The best ledger rows were compact and harsh:
| Ledger rule | Why it matters |
|---|---|
| Previous valid strict profile becomes the next baseline | No convenient comparisons |
| Measurement repair is not a performance win | Correct numbers before clever patches |
| If current capture hits SSO, discard it | Login-page FMP is not app FMP |
If shell-visible improves but post-visible jank worsens, label not a win |
Do not move pain after visibility |
| One bottleneck, one patch, one comparison | Avoid stacked guesses |
This is why the system is goal-driven rather than prompt-driven. The goal picks the metric. The harness decides what evidence is valid. The ledger decides whether the round can be accepted.
What I Would Reuse Elsewhere
You do not need the same internal infrastructure to copy the design.
The reusable structure is:
- Pick one user-visible metric.
- Build a repeatable harness for it.
- Define strict comparison rules before changing code.
- Make the previous valid profile the next baseline.

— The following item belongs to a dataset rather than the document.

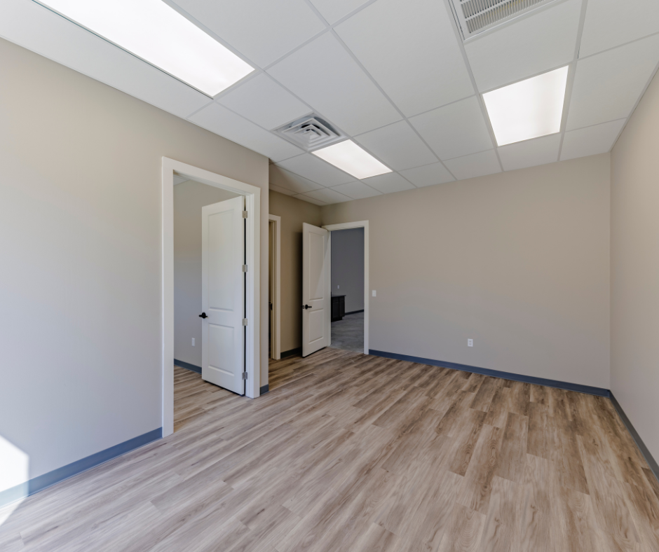Every suite includes a finished 402 SF office layout with reception, a private 10×10 office, and a restroom. The design offers just enough front-end space for your team or customers, with the rest left open and efficient for warehouse, equipment, or storage needs.

- Let the agent attack exactly one bottleneck per round.
- Treat measurement repair, regressions, and correctness fixes as first-class outcomes.
- Keep a ledger that records evidence, not activity.
The technical details will change across products. The loop should not.
The real result was not that AI wrote a clever optimization once. The result was that AI could run a measurable engineering process: observe, choose, change, deploy, compare, record, and continue.